Hacettepe Üniversitesi Tıp Fakültesi Çocuk Enfeksiyon Hastalıkları Bilim Kolu Lideri Prof. Dr. Mehmet Ceyhan, Covid-19 ile çabada alınan izolasyon önlemleri kapsamında, ailede olumlu olay çıktığında aşılı yetişkinlere karantina uygulanmadığını hatırlattı. Ceyhan, “Bu çok yanlış; zira aşı bulaşmayı engellemiyor. Aşılı bir insan konuttaki müspet bireyden virüsü alıp, götürüp, iş yerinde bulaştırabilir. Aşılı, aşısız ayırt etmeden herkese izolasyon önlemi uygulamak zorundayız” dedi.

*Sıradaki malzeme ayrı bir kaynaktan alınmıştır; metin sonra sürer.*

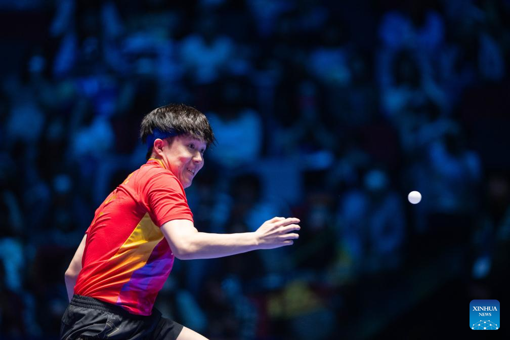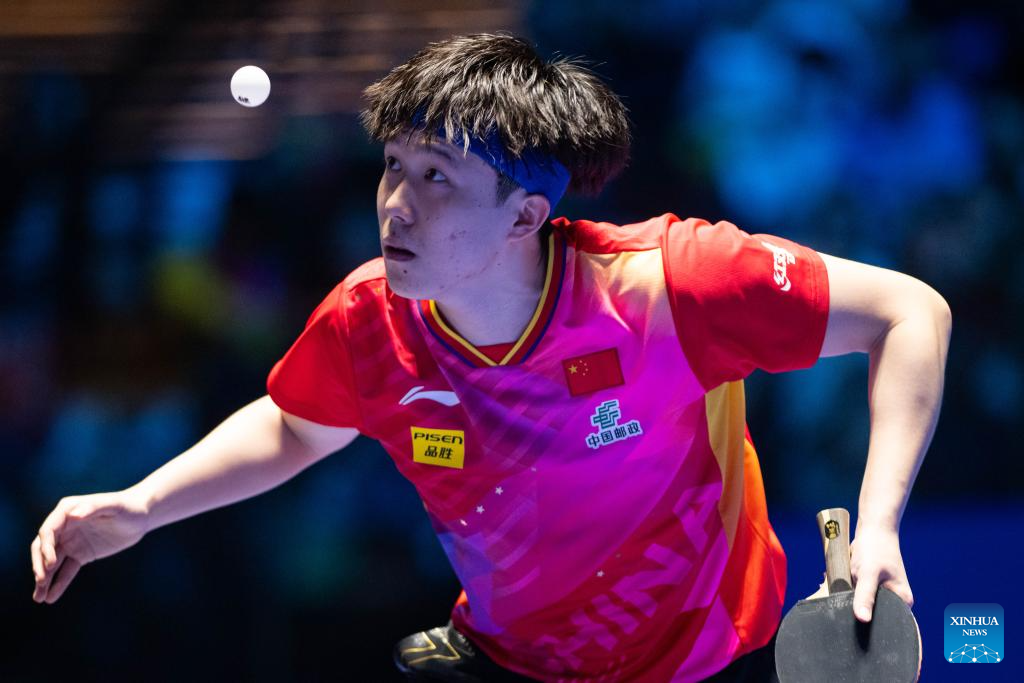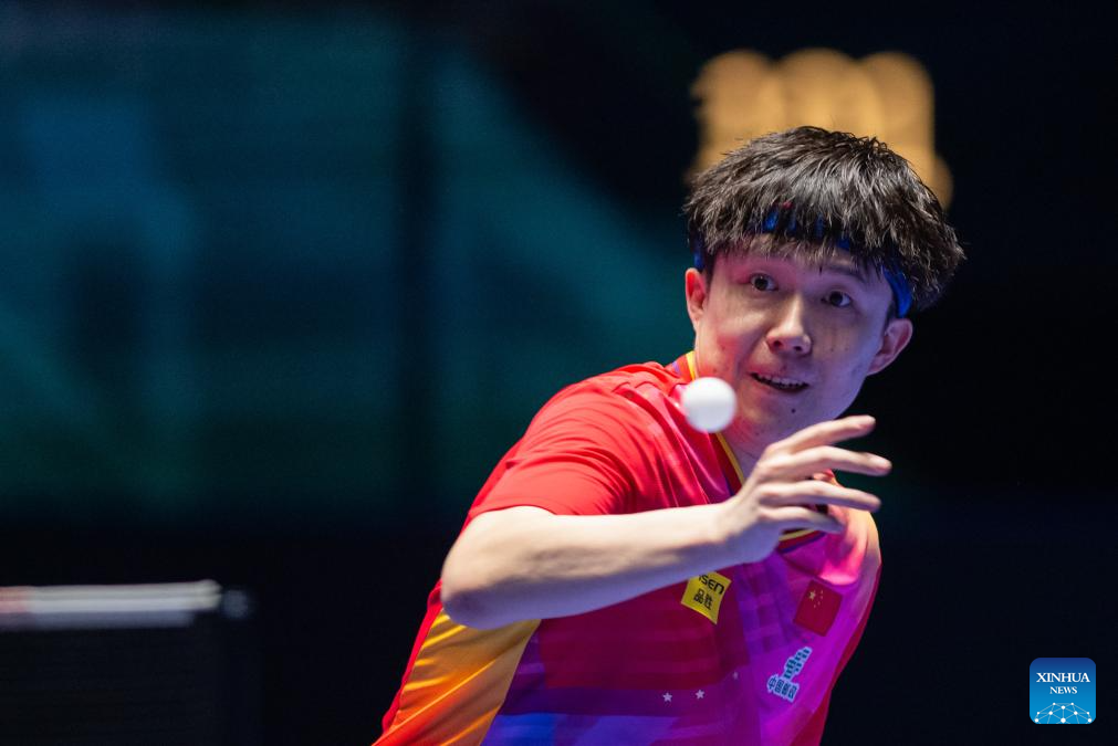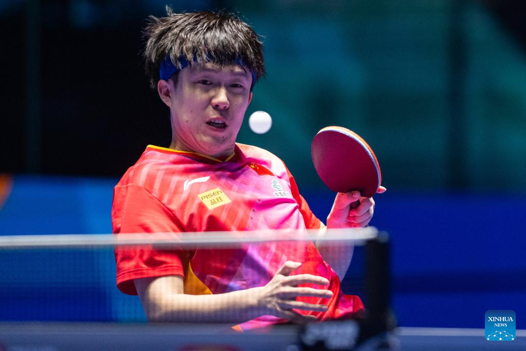 Wang Chuqin of China hits a return during the men's singles match against An Jaehyun of South Korea at the WTT Champions Macao 2024 at Galaxy Macao in Macao, China, April 15, 2024. (Xinhua/Cheong Kam Ka)
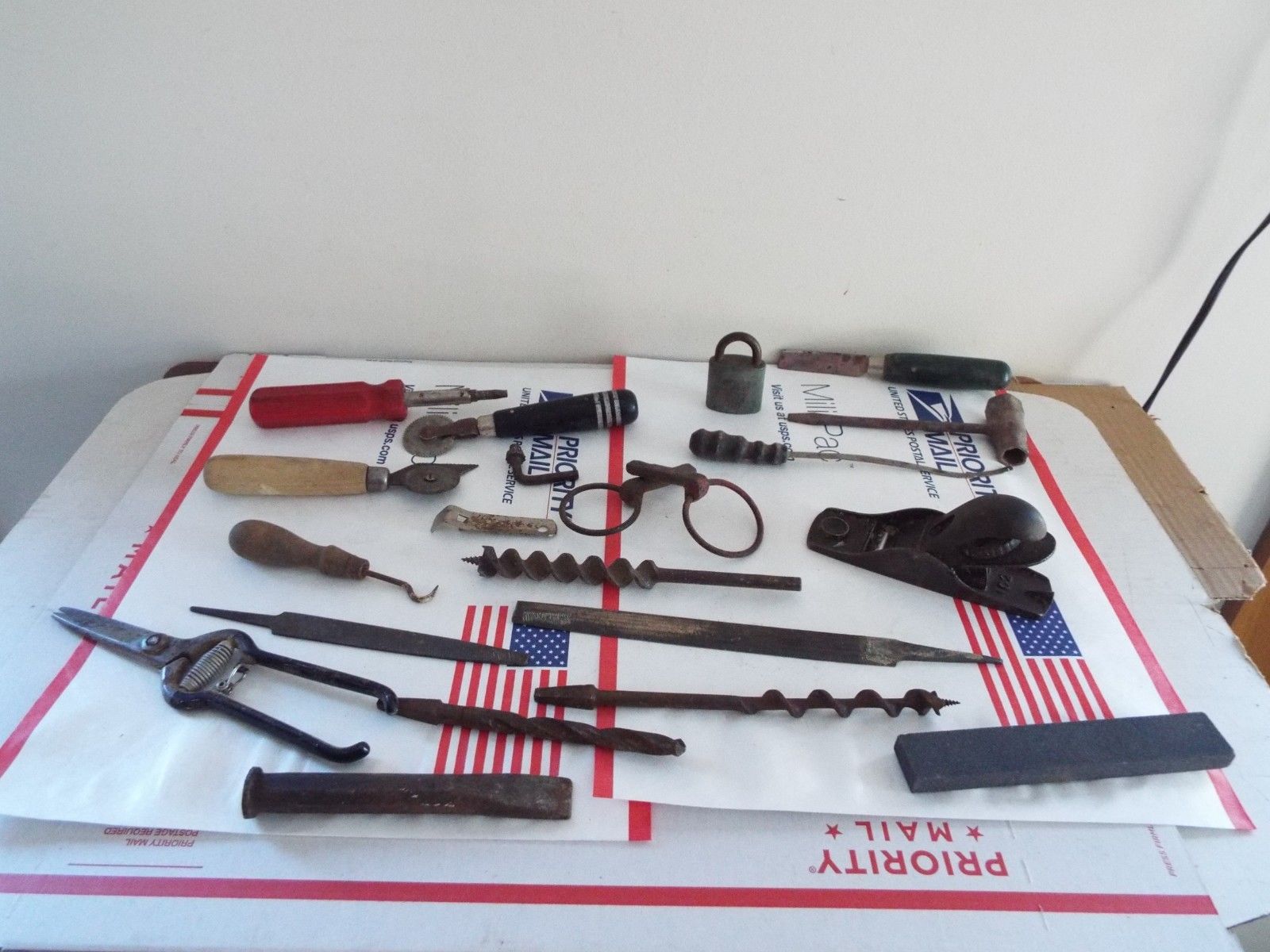 Title (ebay affiliate link): VINTAGE TOOL LOT, AUGER BITS, WOOD PLANER, SHARPENING STONE, MISC TOOLS

Temmuz ayının sonundan itibaren 4’üncü dalganın başladığını kaydeden Prof. Dr. Ceyhan, “Biz 3’üncü dalgayı İngiliz ‘Alfa’ varyantıyla 63 binler civarında bir pik noktasıyla yaşadıktan sonra yeniden tıpkı şeyi yaptık. Bütün önlemleri bir anda kaldırdık. Temmuz ayının sonundan itibaren 4’üncü dalga başladı. Artık 4 ayı geçti. Hala günlük hadise sayımızı 20 binlerin altına indiremedik. Her gün 200-250 civarında vefat ortaya çıkıyor. Bu 4’üncü dalga yaklaşık 4 ay 10 gündür devam ediyor. Her gün bu civarda hadise ve mevt gördüğümüz için sanılanın bilakis ‘Delta’ varyantında gördüğümüz 4’üncü dalgada daha evvelki 3 dalganın toplamından daha fazla hadise ve daha fazla mevt gördük. ‘Toplumu belirli bir oranda aşıladık, onun için olaylar çok yüksek seyretmiyor’ diye düşünmek yanlış. Aşının çok kıymetli bir işlevi var. Yüzde 80’in üzerinde insanı şayet aşıyla bağışık hale getirebilirsek bu salgın bitecek; lakin yüzde 80’in altında yüzde 50-60 aşılayarak salgına rastgele bir tesirde bulunamazsınız zira hala toplumda çok önemli o salgını devam ettirebilecek sayıda insan var” dedi.
“Hedeften uzaklaşıyoruz”
Prof. Dr. Ceyhan, aşılamanın çok yavaşladığına da vurgu yaparak, “Birinci başta 1,5 milyon doz günlük 1’inci doz aşı yaparken, geldiğimiz noktada günde 50-60 bin doz 1’inci doz aşı, 10-20 bin doz 3’üncü doz aşı yapar duruma geldik. Meğer olağan 2 doz aşısını yaptığı halde müddet geçtiği için bağışıklığını kaybeden insan sayısı bizim aşıladığımızdan daha fazla. Yani biz her gün biraz daha yaklaşmak yerine o amaçtan uzaklaşıyoruz. Bunun kesinlikle aşikâr önlemlerle düzeltilmesi lazım. Yeni bir önlem icat etmeye gerek yok. Avrupa’da, Amerika Birleşik Devletleri’nde alınan önlemler muhakkak. Bizim de birincisi aşıya zorlayıcı birtakım önlemler almamız lazım. İkincisi PCR testini aşının alternatifi üzere sunmamamız lazım zira en düzgün PCR testleri bile yüzde 50-60 civarında hassas. Siz lakin yarısını bulabiliyorsunuz. Negatif bile çıksa o beşerde virüs taşıma riski devam ediyor. Halbuki aşılı olsa en azından virüsü bulaştırabilir; ancak kendinin korunacağından emin olursunuz. O yüzden kesinlikle o test alternatifini kaldırıp, aşikâr durumlarda aşılı olma kaidesi aramalıyız” diye konuştu.